▶ **Records for the task**:
▽

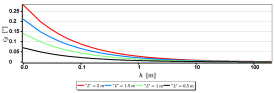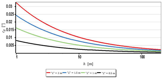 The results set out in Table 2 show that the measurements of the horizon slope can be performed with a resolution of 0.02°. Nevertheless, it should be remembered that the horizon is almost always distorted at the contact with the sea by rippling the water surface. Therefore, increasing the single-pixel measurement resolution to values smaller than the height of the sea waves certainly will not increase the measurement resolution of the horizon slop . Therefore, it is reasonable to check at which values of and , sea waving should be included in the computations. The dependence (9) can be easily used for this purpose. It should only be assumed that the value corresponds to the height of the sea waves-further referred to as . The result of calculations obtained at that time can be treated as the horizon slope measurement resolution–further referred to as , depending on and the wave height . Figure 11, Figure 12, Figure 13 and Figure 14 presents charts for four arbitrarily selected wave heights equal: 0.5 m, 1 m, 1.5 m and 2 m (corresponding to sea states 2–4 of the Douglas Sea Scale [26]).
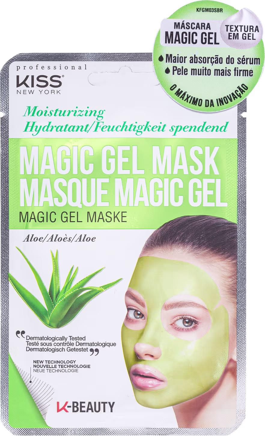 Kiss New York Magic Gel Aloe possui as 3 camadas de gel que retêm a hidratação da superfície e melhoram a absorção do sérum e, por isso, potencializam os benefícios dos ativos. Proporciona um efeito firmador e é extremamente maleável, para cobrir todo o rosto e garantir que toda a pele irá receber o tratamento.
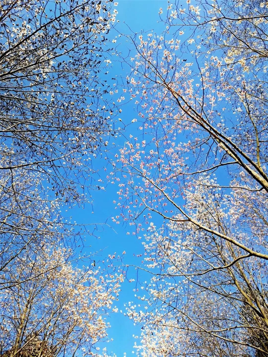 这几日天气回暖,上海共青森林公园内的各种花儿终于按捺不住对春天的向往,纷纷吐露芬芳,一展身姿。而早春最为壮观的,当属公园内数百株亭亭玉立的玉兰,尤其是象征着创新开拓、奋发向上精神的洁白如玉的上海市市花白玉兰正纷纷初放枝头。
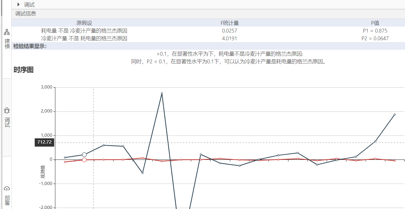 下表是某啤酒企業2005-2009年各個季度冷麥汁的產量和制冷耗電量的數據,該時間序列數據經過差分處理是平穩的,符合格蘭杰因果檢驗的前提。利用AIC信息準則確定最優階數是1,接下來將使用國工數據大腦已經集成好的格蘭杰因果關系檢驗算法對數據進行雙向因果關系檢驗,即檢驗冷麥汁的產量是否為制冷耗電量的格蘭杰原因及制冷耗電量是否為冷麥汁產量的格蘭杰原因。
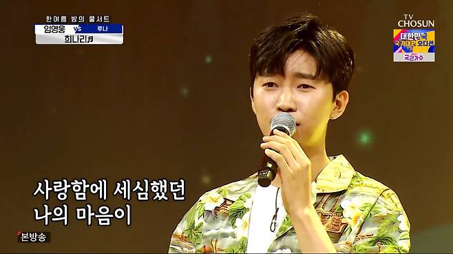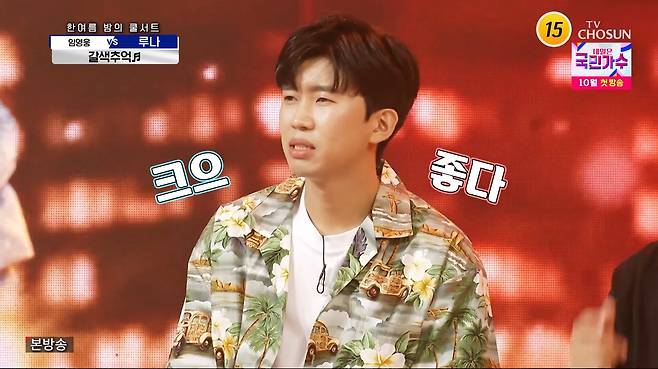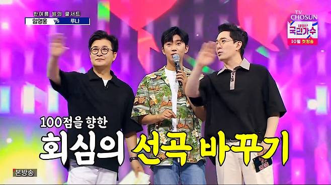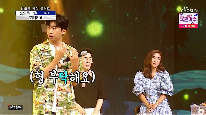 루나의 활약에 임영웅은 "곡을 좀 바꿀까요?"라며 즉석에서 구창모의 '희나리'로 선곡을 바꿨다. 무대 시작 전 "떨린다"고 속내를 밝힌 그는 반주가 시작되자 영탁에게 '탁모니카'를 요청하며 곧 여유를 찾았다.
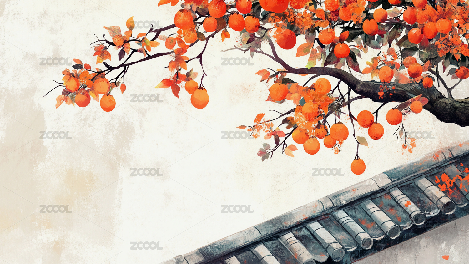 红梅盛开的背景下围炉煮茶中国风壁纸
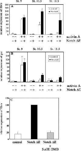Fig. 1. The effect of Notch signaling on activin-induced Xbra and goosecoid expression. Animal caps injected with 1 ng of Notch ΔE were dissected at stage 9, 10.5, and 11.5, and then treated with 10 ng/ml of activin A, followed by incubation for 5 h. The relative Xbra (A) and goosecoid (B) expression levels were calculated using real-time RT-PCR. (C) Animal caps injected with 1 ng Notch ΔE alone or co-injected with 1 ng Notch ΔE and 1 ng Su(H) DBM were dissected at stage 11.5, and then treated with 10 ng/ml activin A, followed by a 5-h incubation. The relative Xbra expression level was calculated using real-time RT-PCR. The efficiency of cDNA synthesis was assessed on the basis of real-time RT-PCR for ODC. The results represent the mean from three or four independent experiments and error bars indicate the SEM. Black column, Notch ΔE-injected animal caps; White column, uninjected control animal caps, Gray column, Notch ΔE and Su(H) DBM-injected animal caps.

△

▶ **Your goal**: What lines above run from the one with "루나의 활약에 임영웅은" to the one with "红梅盛开的背景下围炉煮茶中国风壁纸"? Give them again exactly, ends included, and leave the pictures out.

▶ **Exercise response**:
 루나의 활약에 임영웅은 "곡을 좀 바꿀까요?"라며 즉석에서 구창모의 '희나리'로 선곡을 바꿨다. 무대 시작 전 "떨린다"고 속내를 밝힌 그는 반주가 시작되자 영탁에게 '탁모니카'를 요청하며 곧 여유를 찾았다.
 红梅盛开的背景下围炉煮茶中国风壁纸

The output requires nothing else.